[Data excerpts]
+ + +
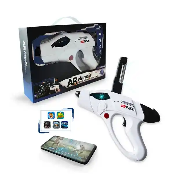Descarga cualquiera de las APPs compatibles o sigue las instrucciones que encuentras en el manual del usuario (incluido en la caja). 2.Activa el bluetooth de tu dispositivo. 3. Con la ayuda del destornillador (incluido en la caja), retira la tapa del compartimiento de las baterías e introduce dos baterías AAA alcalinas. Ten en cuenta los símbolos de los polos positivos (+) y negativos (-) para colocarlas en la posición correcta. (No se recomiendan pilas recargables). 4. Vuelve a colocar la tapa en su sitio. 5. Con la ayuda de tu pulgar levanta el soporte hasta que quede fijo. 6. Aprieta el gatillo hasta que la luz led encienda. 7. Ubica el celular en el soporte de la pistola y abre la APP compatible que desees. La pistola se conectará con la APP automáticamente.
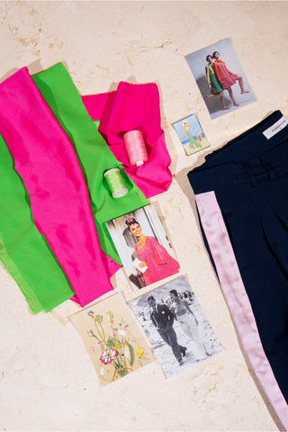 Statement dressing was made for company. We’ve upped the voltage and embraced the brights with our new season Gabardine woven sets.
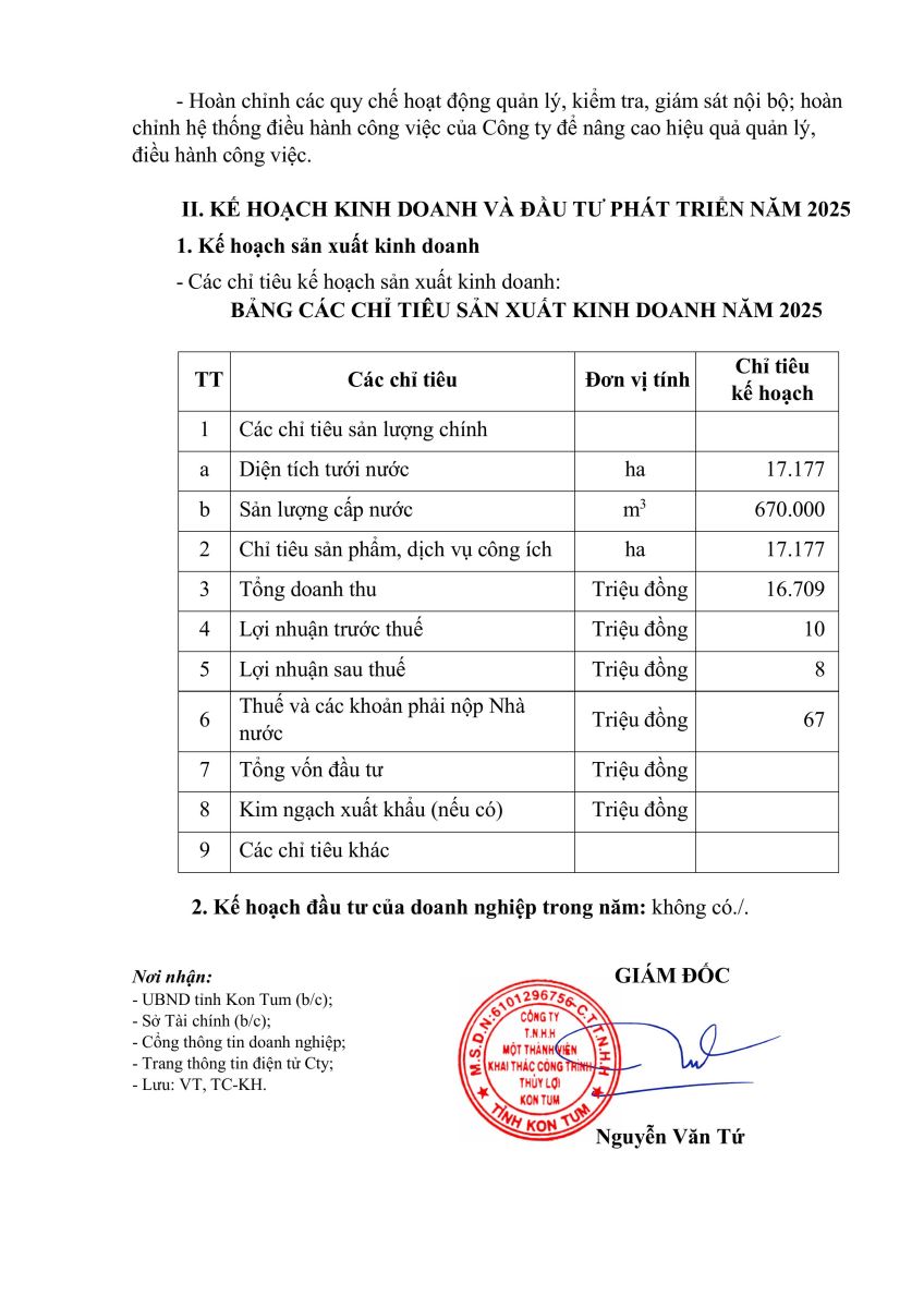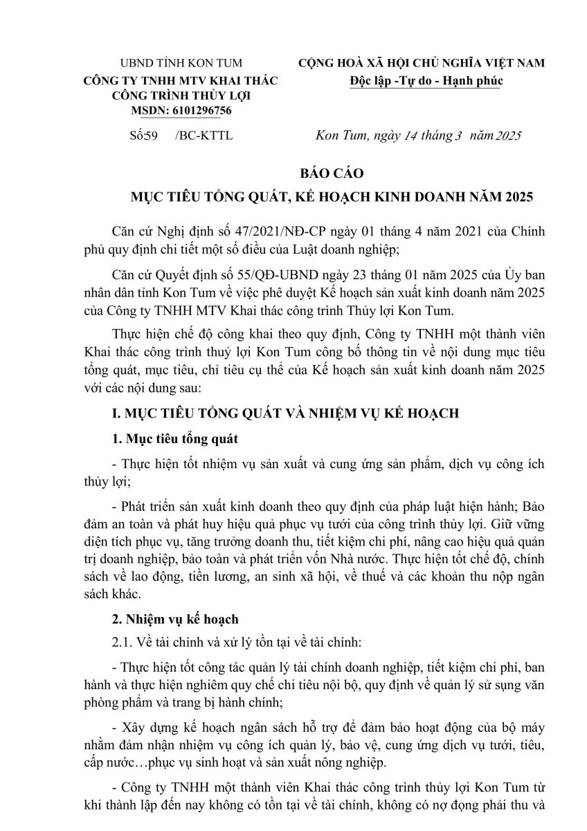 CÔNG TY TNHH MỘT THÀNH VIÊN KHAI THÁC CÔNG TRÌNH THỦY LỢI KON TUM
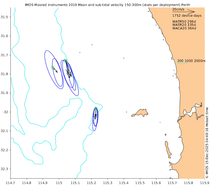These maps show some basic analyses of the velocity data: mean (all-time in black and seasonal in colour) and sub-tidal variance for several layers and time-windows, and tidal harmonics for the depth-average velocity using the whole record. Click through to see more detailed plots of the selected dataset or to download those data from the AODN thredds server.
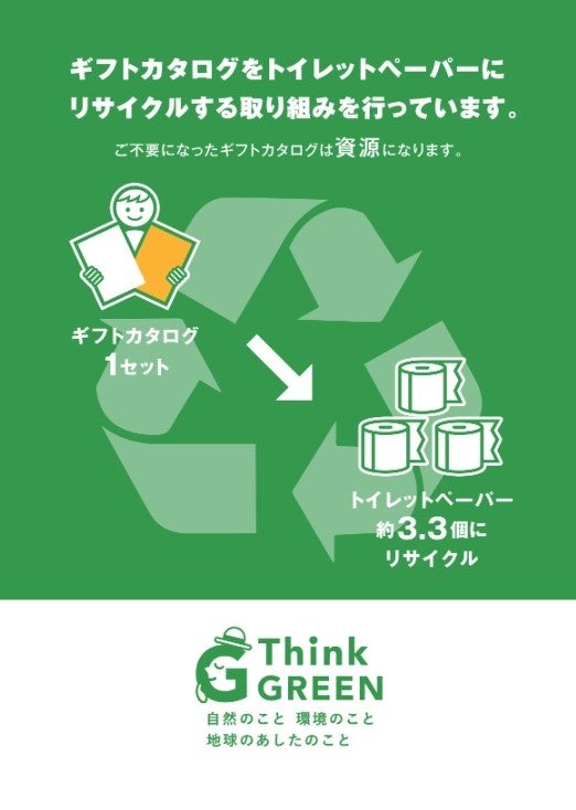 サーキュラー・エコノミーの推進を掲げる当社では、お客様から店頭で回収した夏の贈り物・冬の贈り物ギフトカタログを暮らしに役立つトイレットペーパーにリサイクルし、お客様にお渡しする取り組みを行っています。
+ + +
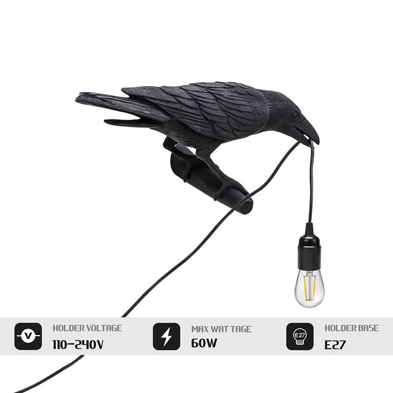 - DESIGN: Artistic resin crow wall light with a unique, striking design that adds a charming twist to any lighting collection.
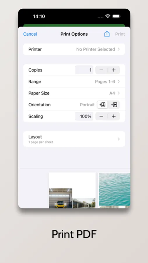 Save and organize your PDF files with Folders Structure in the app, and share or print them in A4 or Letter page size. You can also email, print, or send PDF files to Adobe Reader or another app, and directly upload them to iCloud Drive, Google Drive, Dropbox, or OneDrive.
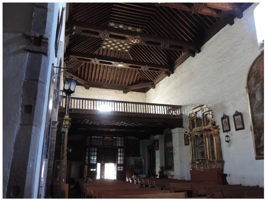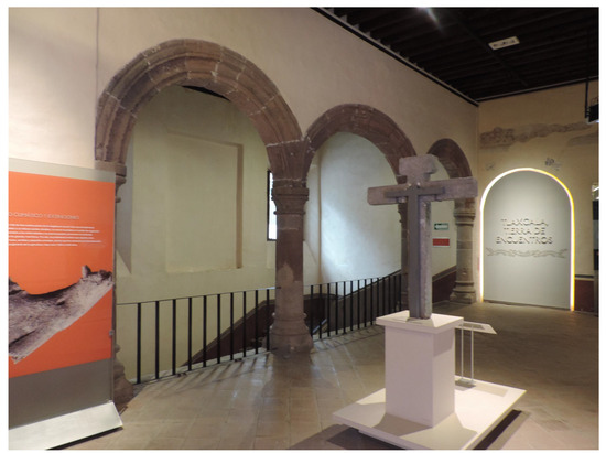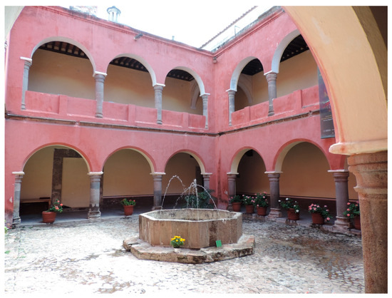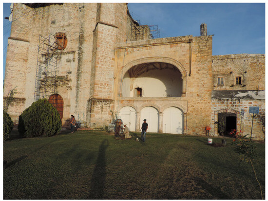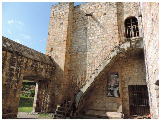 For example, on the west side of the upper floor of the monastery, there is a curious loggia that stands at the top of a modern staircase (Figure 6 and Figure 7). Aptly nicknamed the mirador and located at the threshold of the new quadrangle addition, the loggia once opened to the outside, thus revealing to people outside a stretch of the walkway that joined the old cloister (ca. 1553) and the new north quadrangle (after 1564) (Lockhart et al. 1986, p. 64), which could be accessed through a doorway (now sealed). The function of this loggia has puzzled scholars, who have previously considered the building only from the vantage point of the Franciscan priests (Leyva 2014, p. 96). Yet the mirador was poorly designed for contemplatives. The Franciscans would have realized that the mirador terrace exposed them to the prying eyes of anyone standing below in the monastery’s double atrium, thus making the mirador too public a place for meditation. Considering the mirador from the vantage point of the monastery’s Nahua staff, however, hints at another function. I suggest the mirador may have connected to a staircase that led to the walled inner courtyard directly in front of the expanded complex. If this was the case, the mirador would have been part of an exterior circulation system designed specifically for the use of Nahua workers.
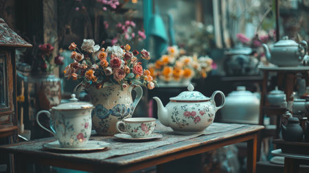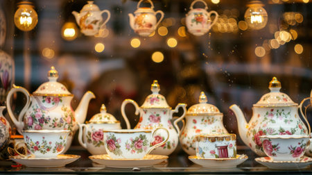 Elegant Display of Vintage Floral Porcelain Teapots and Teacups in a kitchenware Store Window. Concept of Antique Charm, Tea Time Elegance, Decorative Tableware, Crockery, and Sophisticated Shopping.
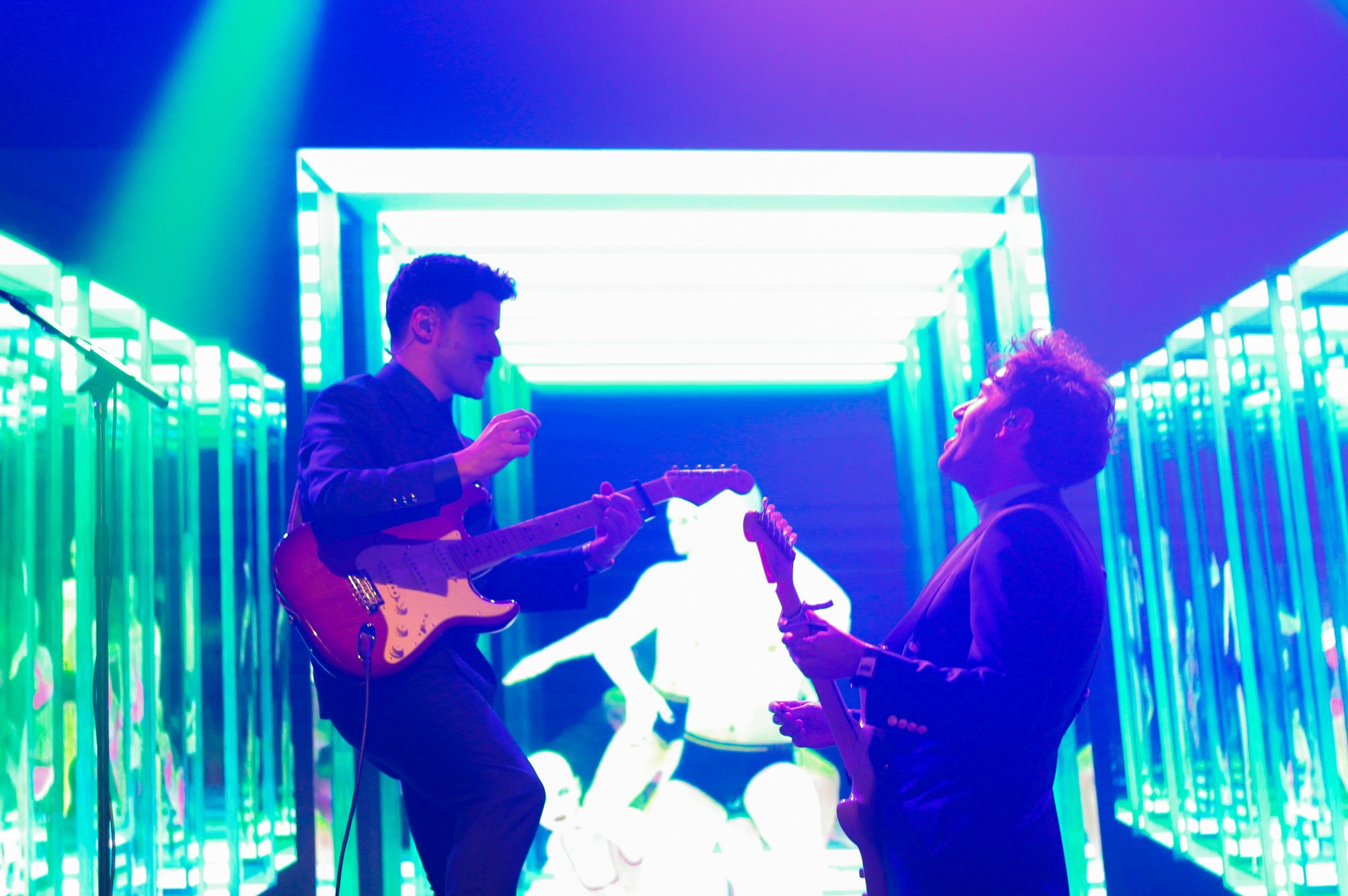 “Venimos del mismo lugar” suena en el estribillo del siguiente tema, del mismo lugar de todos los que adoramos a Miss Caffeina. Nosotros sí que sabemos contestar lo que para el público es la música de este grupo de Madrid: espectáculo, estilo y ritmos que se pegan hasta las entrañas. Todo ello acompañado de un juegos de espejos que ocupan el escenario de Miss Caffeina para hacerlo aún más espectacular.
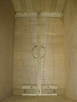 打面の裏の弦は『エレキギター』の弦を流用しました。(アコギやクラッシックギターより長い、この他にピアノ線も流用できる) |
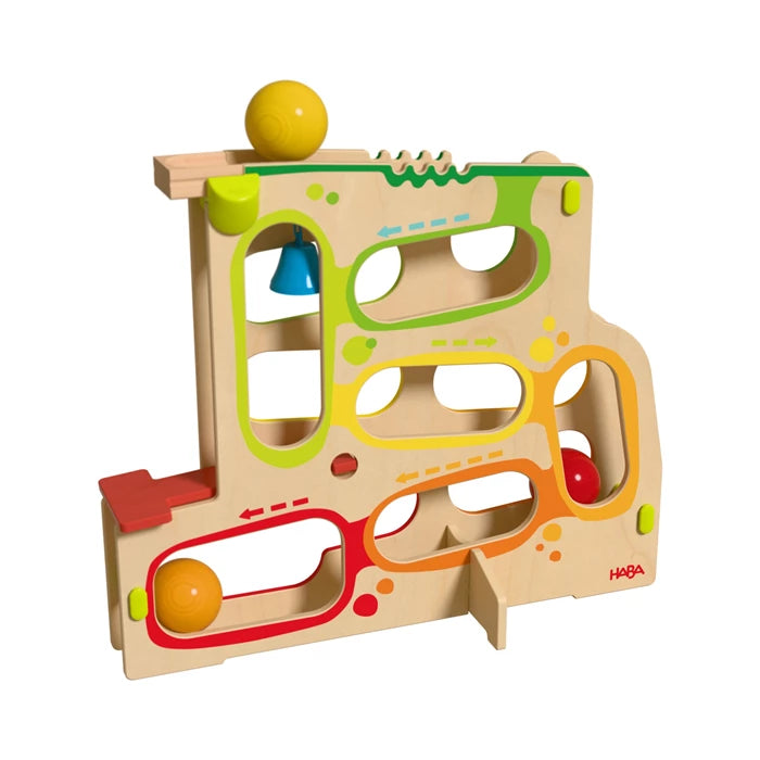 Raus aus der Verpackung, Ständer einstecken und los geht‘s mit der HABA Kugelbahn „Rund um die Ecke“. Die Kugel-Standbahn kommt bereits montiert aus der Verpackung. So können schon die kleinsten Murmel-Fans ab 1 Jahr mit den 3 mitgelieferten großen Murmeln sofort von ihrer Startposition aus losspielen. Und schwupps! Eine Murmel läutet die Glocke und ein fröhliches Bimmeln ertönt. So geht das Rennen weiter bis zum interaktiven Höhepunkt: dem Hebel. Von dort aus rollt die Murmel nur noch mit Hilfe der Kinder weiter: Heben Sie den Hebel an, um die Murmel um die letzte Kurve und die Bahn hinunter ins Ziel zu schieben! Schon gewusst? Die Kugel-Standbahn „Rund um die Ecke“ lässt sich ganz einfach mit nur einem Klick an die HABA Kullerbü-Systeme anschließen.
+ + +
▶ **Activity**:
Write down exactly what the lines above say, from the line holding "Descarga cualquiera de" through the line holding "CÔNG TY TNHH", and nothing more. Do not copy the pictures.

▶ **Answer**:
Descarga cualquiera de las APPs compatibles o sigue las instrucciones que encuentras en el manual del usuario (incluido en la caja). 2.Activa el bluetooth de tu dispositivo. 3. Con la ayuda del destornillador (incluido en la caja), retira la tapa del compartimiento de las baterías e introduce dos baterías AAA alcalinas. Ten en cuenta los símbolos de los polos positivos (+) y negativos (-) para colocarlas en la posición correcta. (No se recomiendan pilas recargables). 4. Vuelve a colocar la tapa en su sitio. 5. Con la ayuda de tu pulgar levanta el soporte hasta que quede fijo. 6. Aprieta el gatillo hasta que la luz led encienda. 7. Ubica el celular en el soporte de la pistola y abre la APP compatible que desees. La pistola se conectará con la APP automáticamente.
 Statement dressing was made for company. We’ve upped the voltage and embraced the brights with our new season Gabardine woven sets.
 CÔNG TY TNHH MỘT THÀNH VIÊN KHAI THÁC CÔNG TRÌNH THỦY LỢI KON TUM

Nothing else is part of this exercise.